Problem details:
A word-for-word copy of the lines below, starting at the line with "неизв. автора) |" and ending at the last one, is what you should give. Omit every picture.

Records contained in a dataset:
BEGIN
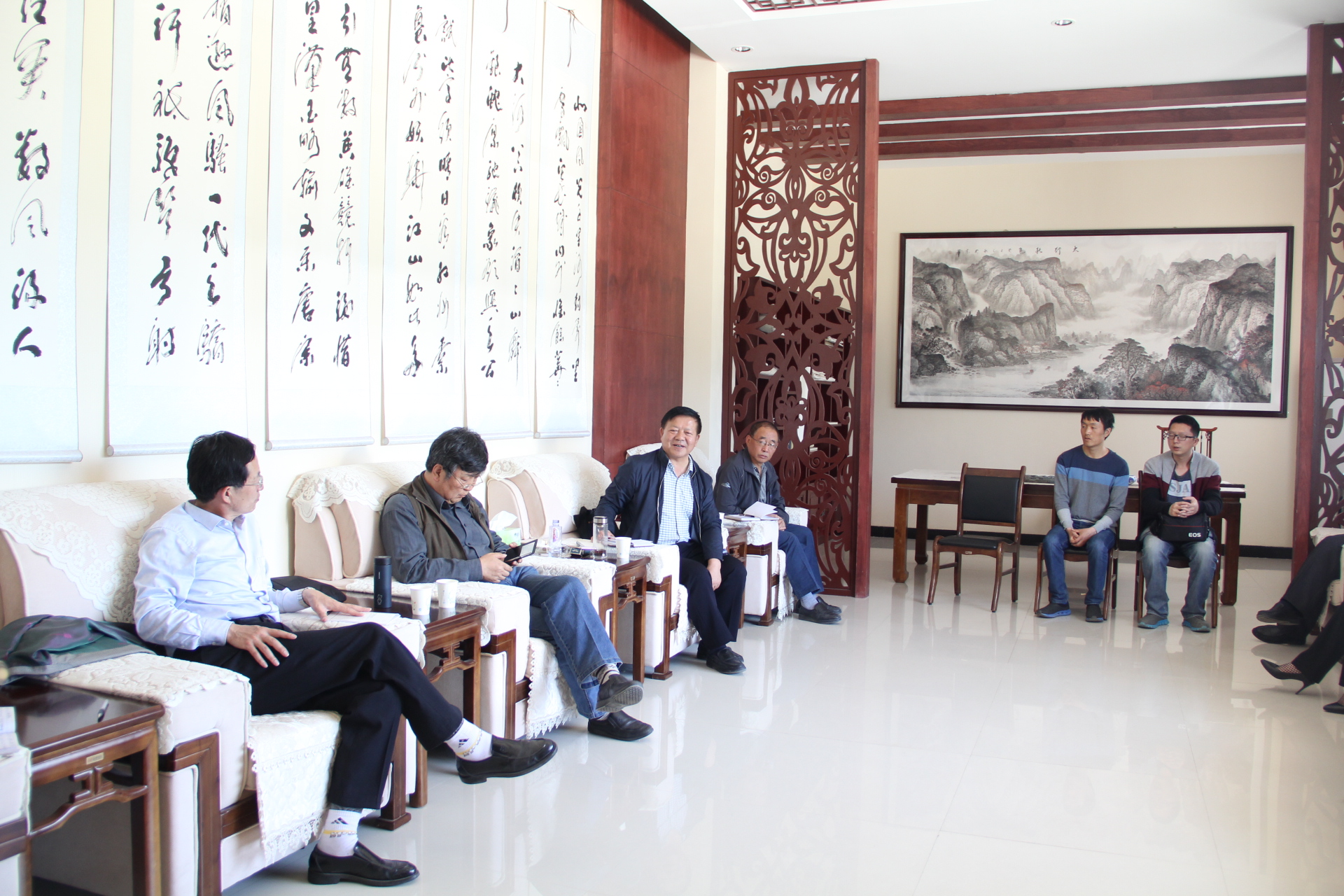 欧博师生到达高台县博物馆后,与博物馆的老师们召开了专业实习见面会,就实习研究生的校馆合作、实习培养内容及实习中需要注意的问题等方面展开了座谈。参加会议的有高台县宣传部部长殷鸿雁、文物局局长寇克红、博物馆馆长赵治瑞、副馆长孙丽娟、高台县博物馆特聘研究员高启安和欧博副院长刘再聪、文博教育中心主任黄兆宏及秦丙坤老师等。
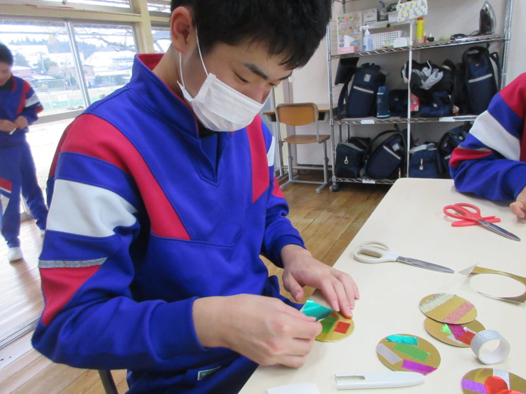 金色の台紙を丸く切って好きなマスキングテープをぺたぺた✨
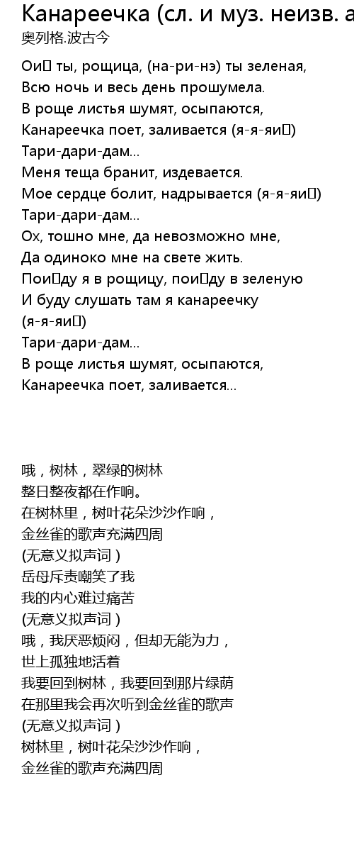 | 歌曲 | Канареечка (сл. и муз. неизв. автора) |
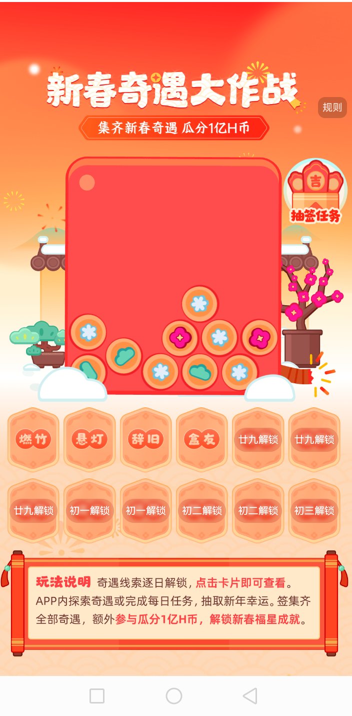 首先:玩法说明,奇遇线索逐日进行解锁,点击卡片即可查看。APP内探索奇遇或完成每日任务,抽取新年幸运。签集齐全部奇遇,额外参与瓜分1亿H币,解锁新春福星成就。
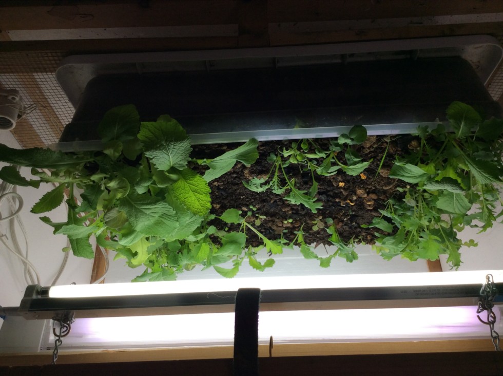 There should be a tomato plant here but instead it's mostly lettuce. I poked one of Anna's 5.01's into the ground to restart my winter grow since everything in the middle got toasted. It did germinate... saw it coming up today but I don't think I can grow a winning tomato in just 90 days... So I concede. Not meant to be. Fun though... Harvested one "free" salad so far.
END
Answer to this problem:
 | 歌曲 | Канареечка (сл. и муз. неизв. автора) |
 首先:玩法说明,奇遇线索逐日进行解锁,点击卡片即可查看。APP内探索奇遇或完成每日任务,抽取新年幸运。签集齐全部奇遇,额外参与瓜分1亿H币,解锁新春福星成就。
 There should be a tomato plant here but instead it's mostly lettuce. I poked one of Anna's 5.01's into the ground to restart my winter grow since everything in the middle got toasted. It did germinate... saw it coming up today but I don't think I can grow a winning tomato in just 90 days... So I concede. Not meant to be. Fun though... Harvested one "free" salad so far.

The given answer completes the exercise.